Quando divulguei que a próxima obra a ser discutida no Clube do Livro seria este “Caderno Proibido“, de Alba de Céspedes, umas três ou quatro amigas me mandaram mensagens dizendo que o livro é ótimo. Já entrei na leitura com altas expectativas.
Na verdade, ler este livro é quase entrar na cabeça de Valeria Cossati, nossa protagonista. Isso porque o livro inteiro é o diário que ela mantém entre 26 de novembro de 1950 e 27 de maio do ano seguinte.
Seis meses de relatos minuciosos da vida íntima de Valeria, de seu relacionamento com o marido, os filhos, as amigas, os pais, os colegas de trabalho. Mas também de autodescoberta, de análises profundas que ela nunca tinha se dado ao trabalho de fazer, e que acabam por gerar um dilema entre a busca por sua liberdade e felicidade e a manutenção de sua identidade (ou reputação), construída ao longo de seus 43 anos de vida (a idade é muito importante nesta história), e fundamentada basicamente em convicções sustentadas na moral católica da época.
O diário começa de forma despretensiosa, sem nada que pudesse depor contra Valeria, mas mesmo assim ela faz questão de mantê-lo escondido – proibido –, e esconder o simples ato de estar escrevendo sobre sua vida, como se fosse errado, como se fosse um crime.
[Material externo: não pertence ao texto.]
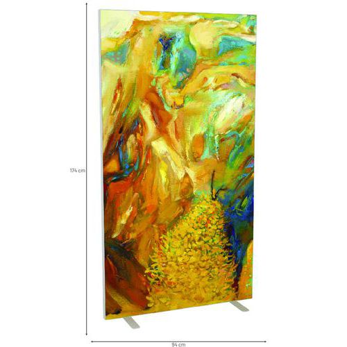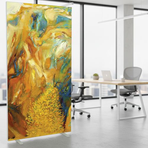 Irodai térelválasztó vászon paraván különböző színű és mintájú kivitelekben. A vászon tűzállósága M1 kategóriába tartozik, 30°-on mosható. Két, fehérre lakkozott, stabil acéllábbal. A paraván gyorsan és egyszerűen összeszerelhető. Gyártói garancia az ügyfélnek : 10 év

Aos poucos, no entanto, ela vai realmente colocando pensamentos e ações que desabrocham a partir desses pensamentos e que ela não gostaria que fossem conhecidos por mais ninguém. Segredos. Intimidades. Coisas que ela não gosta de admitir nem para si, mas que a sinceridade de sua conversa com o caderno propicia.
Ela mesma se assusta com o que o caderno provoca nela, e muitas vezes escreve sobre o ato de escrever, ou diz que o caderno é como um “diabo”. Como nestes trechos:
Embora muitas vezes pense em se desfazer do caderno, ou o veja como um problema, ela também admite em vários trechos que ele se tornou um dos seus momentos mais prazerosos do dia. Um momento em que pode ser livre e sincera, pode ser ela mesma.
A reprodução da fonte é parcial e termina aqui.